Our Souls At Night [Sentinal/Willow Ann]
Feb 4, 2019 14:14:17 GMT -5
Post by Deleted on Feb 4, 2019 14:14:17 GMT -5
Willow Ann Lexington
She was up before first light. First, she checks the hens to count the eggs. They chirp and hum as the red-head sticks hands underneath their feathered stomachs to retrieve each white shelled prize. She pats Sophie and Agnes for their health; she whistles to Dorothy and Deborah to not shove one another; she coos at Lily that tomorrow will be a better day. You’re more than just this, She whispers across the darkness of the henhouse, her hand gentle against the bird’s soft neck. Joshua would have rolled his eyes (they’re just a bunch of dumb birds!), but Willow Ann has never treated her brood as just animals.
When she was a girl, she remembers how she and Nonnie would have names for each and every animal that came across the farm. Why should they have not treated them as family, for all that they were willing to sacrifice? It wasn’t right to ask so much of a cow, or chicken – any of the packs of sheep – for what was theirs, to become hers. She couldn’t rightly prove whether or not her gentle touch gave better quality products, or even if they’d suffered less through droughts or harsh winters. Somehow, though, she’d kept the farm afloat herself. Without the aid of her parents, or after Jack had gone off on a cattle drive and not come back. She was as much ivory as she was steel: a woman that held roost in her home, and suffered little from fools.
Briar and Joshua had come to live with her and her son Nat just on ten years ago. The twins had been a cause célèbre: their mother, Noreen (Nonnie, as Willow had known her) died in the sixty-first games, just after they’d been born. Some twenty games gone, the fascination had died a quiet death among the dirt and weeds. Now Briar sewed hats and cobbled boots, and hitched up with a set of women that wanted to live on the edge of the district. Joshua had stayed to mind Willow Ann (or so he liked to say), now out of the reaping, and rudderless. This was the drought of youth – when there should have been a world for him to trace, to step through. Not one that kept him locked in place.
Willow Ann had arranged for Joshua to spend his days elsewhere. Your face can’t just stay looking so long at me, She’d said, to which he gave a usual shrug. There was a man in need of some help just up the way, one who’s reputation as a firm hand seemed a good match for a quiet boy like Joshua. And so she’d pushed and pulled and gotten her way, Joshua disappearing after a cup of coffee to tend to the Stratford farms. She didn’t seem him until after sundown, for a bit of dinner and tea, before he’d able to his room and toss down atop his box spring.

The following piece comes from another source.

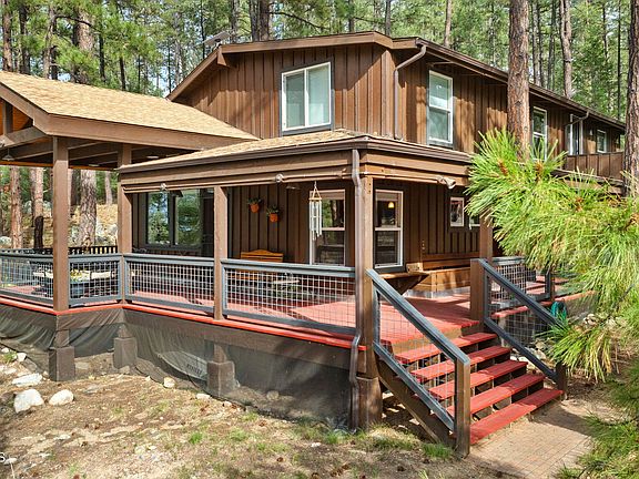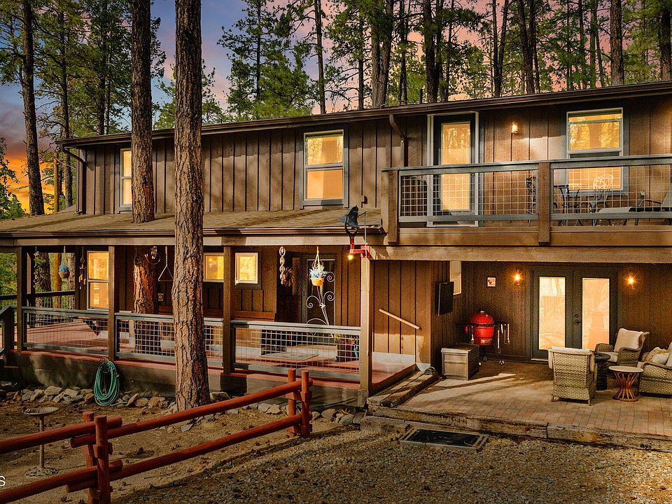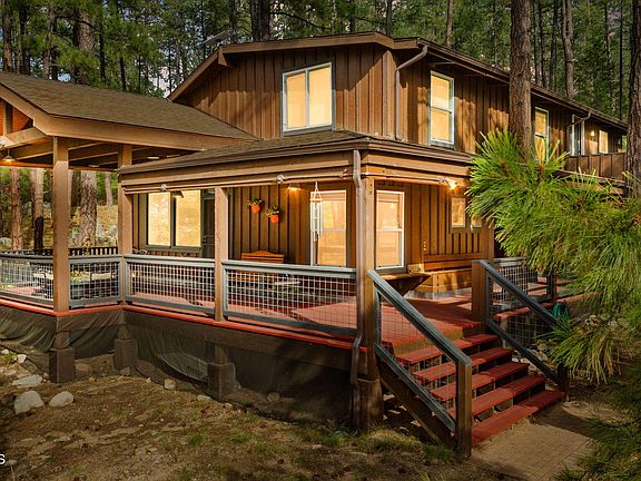 Beautifully finished 2-bedroom, 1 full bath & 1 half bath mountain home w/ a large open loft on a peaceful & usable 1.08-acre lot in the pines. This 2,115 sq ft home offers an open layout with modern finishes, ideal for year-round living or weekend getaways. Enjoy a spacious outdoor entertaining area surrounded by tall pines & nature. The property includes a 1,575 sq ft 4-car garage plus a 600 sq ft finished office--perfect for remote work, hobbies, or guest space. Located just minutes from paved Walker Rd. Only 10 minutes to Lynx Lake, 15 to Costco, & close to trails and recreation. Rare chance to own a move-in ready, upgraded home in one of Prescott's most desirable mountain areas. Whether full-time or part-time, this versatile retreat is a must-see

When six months had come and gone, Willow got it into her head that she had to thank Mr. Stratford somehow – and to let him know all the good that he was doing for Joshua. The boy had let her know he enjoyed spending time with the animals, and mentioned the way some of them showed a bit of personality he’d never thought they could have. She’d stood, stirring a stew and eye brows raised, not wanting to say a word that would send Joshua into a fit of eye rolls or huffs (though she would whisper to herself, in a voice low enough, I told you so). So she’d put pen to paper, sitting at her little wood desk in candle light, a note:
My Dearest Sentinel,
What wonders you have done for our dearest Joshua. Supposing that you would so kindly oblige, I would request your presence on the week after next for a dinner. Let me celebrate all your good work with my Nephew, so that I can repay you the only way we can? I promise good company, and good food, if you should so delight us.
In Kindest Regards,
Willow Ann Lexington
Joshua had brought back a one word answer not long thereafter, Okay.
And so she settled on cooking up a set of potatoes and garlic, with a pat of butter and mix of milk, creamy and whipped, and good for the best company. A set of string beans, cauliflower, and broccoli, steamed with salt and pepper. Her gram’s biscuit recipe. Her pop’s best whiskey in tumbler glasses. A brisket slaved over in the oven, tenderized and loved into perfection. All ready to be served on the good china (there was no bad china – they simply never had reason for use of it).
The clock in the foyer struck seven and Willow Ann was just finishing up in the washroom. She’d sprayed some perfume and brushed out her hair; a dab of rouge and some lipstick came next. She was not one for finery, but tonight seemed as good an occasion as any to be formal. When the knock came at the door she was all smiles, and came to face the man that’d so warmed Joshua’s spirit.
“Evening, Mr. Stratford. So kind of you to make your way here. I trust you’re well?”